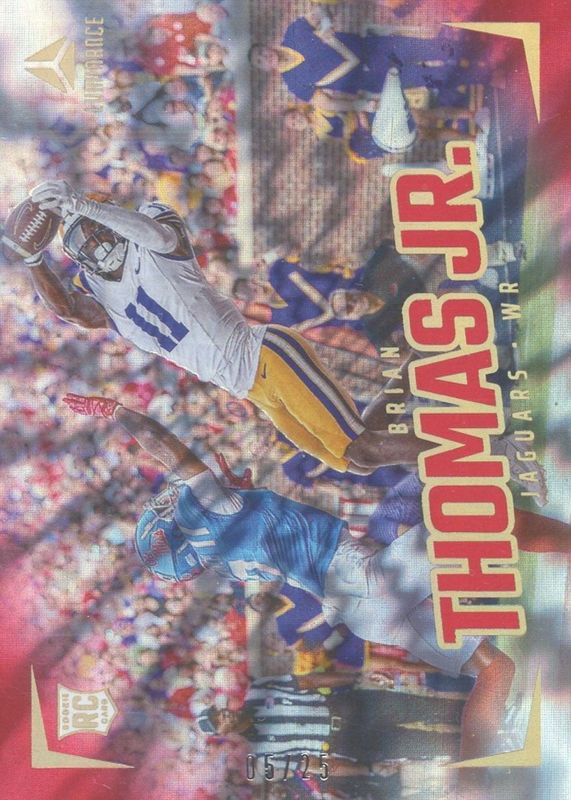 The Brian Thomas Jr. 2024 Luminance #184 Horizontal Rookies - Red /25 card in Raw condition has not changed in price in the last 30 days and was last sold for $2.25 .
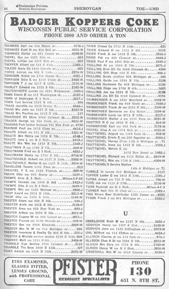 1940 Sheboygan Telephone Book, Page 63:
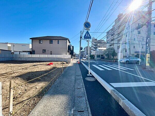 前面道路は10.4mと広々。敷地面積217m2の建築条件無し売地です。
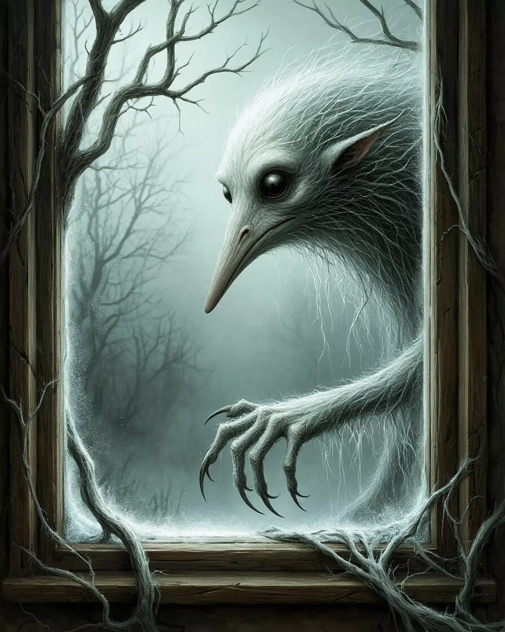 После, жадно уставясь на спящую провалившимися глазами, оно прильнуло к окну с такой силой, что затрещала деревянная рама. Стёкла задрожали, готовые рассыпаться. Плоская морда чудища исказилась гримасой, в которой смешались голод и странное, почти человеческое любопытство.
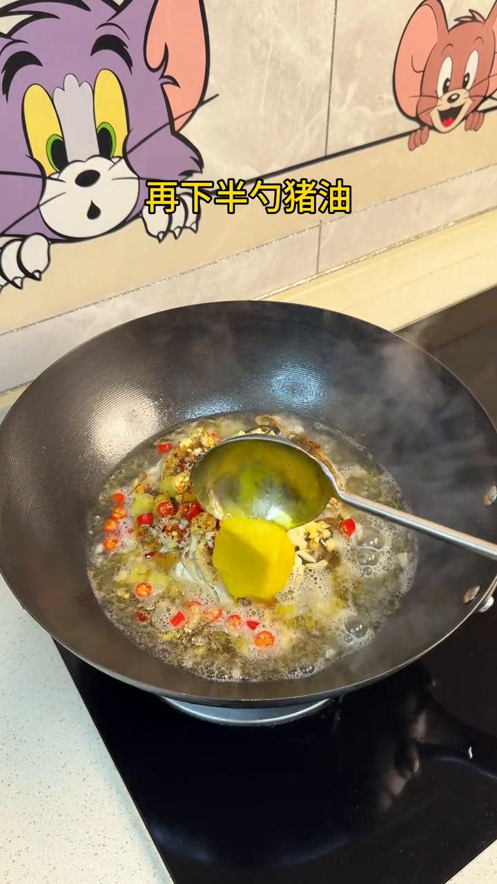 口味鱼泡。 ·鱼泡直接下锅,倒入小半碗白酒,加入清水没过食材,焯好水捞出沥干水分备用。 ·另起锅下鱼头,开中小火慢煎,翻个面继续煎香。 ·接着下姜蒜末、泡椒、小米辣、一勺辣椒末,炒香倒入半碗啤酒,加入适量清水,再下半勺猪油,倒入鱼泡。 ·调味只加盐和胡椒粉,扣盖子大火煮90秒钟。 ·到时间淋入香油、青椒圈,开大火收浓汤汁,最后撒上葱段、紫苏就好了。

+-------+

◆ **Work order**
Print out the material word for word, omitting the pictures.

◆ **Solution for this task**
 The Brian Thomas Jr. 2024 Luminance #184 Horizontal Rookies - Red /25 card in Raw condition has not changed in price in the last 30 days and was last sold for $2.25 .
 1940 Sheboygan Telephone Book, Page 63:
 前面道路は10.4mと広々。敷地面積217m2の建築条件無し売地です。
 После, жадно уставясь на спящую провалившимися глазами, оно прильнуло к окну с такой силой, что затрещала деревянная рама. Стёкла задрожали, готовые рассыпаться. Плоская морда чудища исказилась гримасой, в которой смешались голод и странное, почти человеческое любопытство.
 口味鱼泡。 ·鱼泡直接下锅,倒入小半碗白酒,加入清水没过食材,焯好水捞出沥干水分备用。 ·另起锅下鱼头,开中小火慢煎,翻个面继续煎香。 ·接着下姜蒜末、泡椒、小米辣、一勺辣椒末,炒香倒入半碗啤酒,加入适量清水,再下半勺猪油,倒入鱼泡。 ·调味只加盐和胡椒粉,扣盖子大火煮90秒钟。 ·到时间淋入香油、青椒圈,开大火收浓汤汁,最后撒上葱段、紫苏就好了。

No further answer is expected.